The absolute best time to engage kids is 5-12 years old. This is the age where there primary learning comes from the family. Kids are much smarter than parents give them credit for. They are capable, with guidance, of beginning to make decisions about money much earlier than parents expect.
JP: We have been talking predominantly about wealthy families. What about families who are still building their businesses and don’t have a lot of liquid wealth. Are there opportunities for them to be involved philanthropically?
DM: Some people don’t realize you don’t have to be a Ford to have a foundation. You don’t have to have a billion or even a million dollars to make a difference. The question you need to ask yourself is - are we going to be charitable or philanthropic? Most people operate in the charitable mode. The opportunity to make a greater difference is there. But, they don’t optimize their giving. They spray their money around and don’t focus on a mission for their giving.
Charitable giving is reactive giving. There are over a million charities out there, all of whom have needs. The model out there is to build fairly substantial boards and dinner committees and sophisticated outreach committees. Many family business owners get lots of requests from friends. It may be school, community, faith-based organization. They respond to requests or invitations to events and before you know it, all the money you have to give is already allocated. We call this “plant a thousand seeds and hope that something blossoms”. Philanthropic giving is where you start exploring what you believe to be issues in areas you care about and then you become more proactive in finding the organizations that serve the needs.
I recommend creating two missions. The external mission is about making a difference in your community. The internal mission is about what I want to do for my family.
You can create these missions regardless of how much you have to give away. You can visit charities and understand what they do. You can build volunteer philanthropic work into your travel.
JP: Business owning families don’t always see eye to eye on matters involving the business. Is this also the case in philanthropic decisions? If so, what can families do to avoid conflict?

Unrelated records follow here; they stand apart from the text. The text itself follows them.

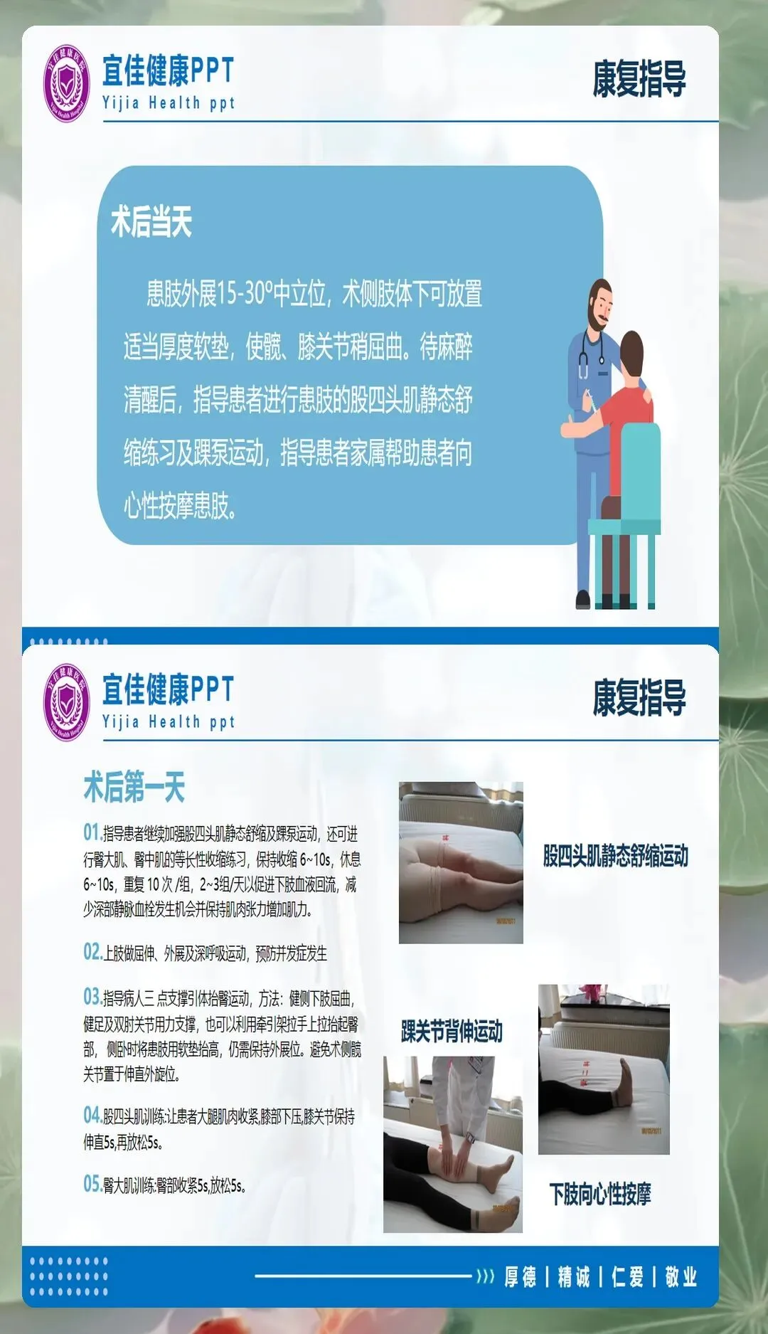 术后24小时是护理观察的关键期。需每小时监测生命体征直至平稳,观察意识状态、面色、口唇颜色,警惕脂肪栓塞综合征(呼吸急促、意识障碍、皮肤瘀斑)。体位管理是预防假体脱位的核心:髋关节置换患者需保持患肢外展中立位(外展15°—30°),双腿间放置梯形枕,绝对禁止交叉腿、盘腿、侧卧于患侧;内固定患者可适当抬高患肢20°—30°,促进静脉回流,减轻肿胀。翻身时采用轴式翻身法,保持躯干与患肢同步转动,避免髋关节屈曲超过90°。伤口护理需保持敷料清洁干燥,观察渗血、渗液及红肿热痛,引流管引流量<50ml/24h时考虑拔除。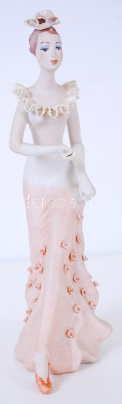 Leírás: Lépő hölgy. Jelzett román porcelán figura, sérült hátul, kézzel festett, m:23 cm / Porcelain figure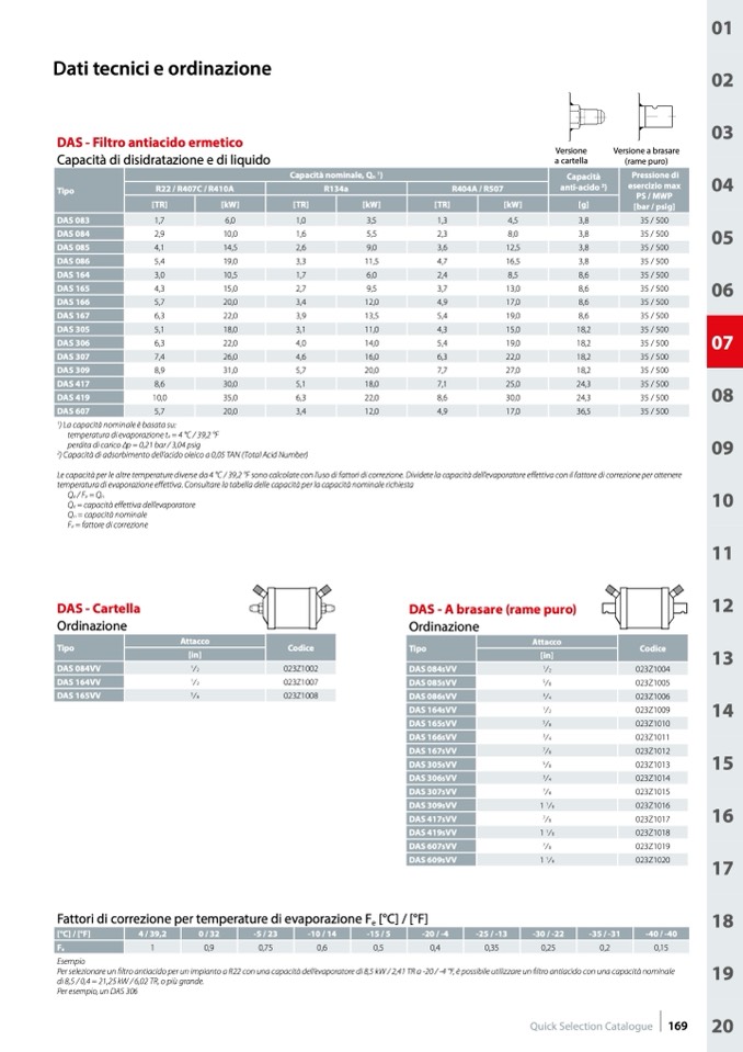 Per selezionare un filtro antiacido per un impianto a R22 con una capacità dell’evaporatore di 8,5 kW / 2,41 TR a -20 / -4 °F, è possibile utilizzare un filtro antiacido con una capacità nominale

DM: One of the common mistakes is for elder generations to take too heavy of a hand in determining how money will be given away. I don’t think it’s fair for elder generations to lock the next generation into a philanthropic mission. If the next generation members are expected to participate but not given any decision-making power, they probably won’t be engaged. If elder generations have made the mistake of not preparing the next generation to make good giving decisions, that is their fault. If the elder generation is really set on what they want to give to, hire a bank trust person and let them administer the funds. Don’t burden the next generation with a menial task. Then let the next generations have discretion over some money so that they can give in areas that interest them.